Summary
This talk introduces HashDist, a critical component of the scientific software development workflow. HashDist enables highly customizable, source-driven, and reproducible builds for scientific software stacks. HashDist builds can be made relocatable, allowing the easy redistribution of binaries on all three major operating systems as well as cloud and supercomputing platforms.
Description
Developing scientific software is a continuous balance between not reinventing the wheel and getting fragile codes to interoperate with one another. Binary software distributions such as Anaconda provide a robust starting point for many scientific software packages, but this solution alone is insufficient for many scientific software developers. HashDist provides a critical component of the development workflow, enabling highly customizable, source-driven, and reproducible builds for scientific software stacks, available from both the IPython Notebook and the command line.

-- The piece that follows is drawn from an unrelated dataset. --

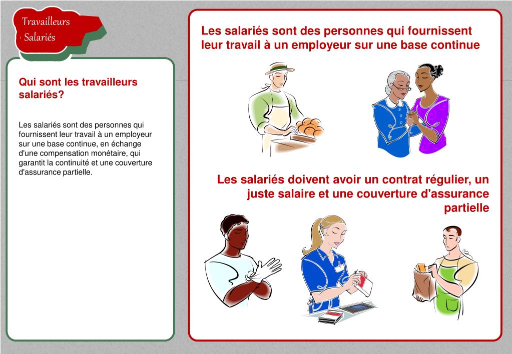 TravailleursSalariés TravailleursSalariés TravailleursSalariés Les salariés sont des personnes qui fournissent leur travail à un employeur sur une base continue Qui sontlestravailleurssalariés? Les salariés sont des personnes qui fournissent leur travail à un employeur sur une base continue, en échange d'une compensation monétaire, qui garantit la continuité et une couverture d'assurance partielle. TravailleursSalariés TravailleursSalariés Les salariés doivent avoir un contrat régulier, un juste salaire et une couverture d'assurance partielle

To address these issues, the Coastal and Hydraulics Laboratory at the US Army Engineer Research and Development Center has funded the development of HashDist in collaboration with Simula Research Laboratories and the University of Texas at Austin. HashDist is motivated by a functional approach to package build management, and features intelligent caching of sources and builds, parametrized build specifications, and the ability to interoperate with system compilers and packages. HashDist enables the easy specification of "software stacks", which allow both the novice user to install a default environment and the advanced user to configure every aspect of their build in a modular fashion. As an advanced feature, HashDist builds can be made relocatable, allowing the easy redistribution of binaries on all three major operating systems as well as cloud, and supercomputing platforms. As a final benefit, all HashDist builds are reproducible, with a build hash specifying exactly how each component of the software stack was installed.
This talk will feature an introduction to the problem of packaging Python-based scientific software, a discussion of the basic tools available to scientific Python developers, and a detailed discussion and demonstration of the HashDist package build manager.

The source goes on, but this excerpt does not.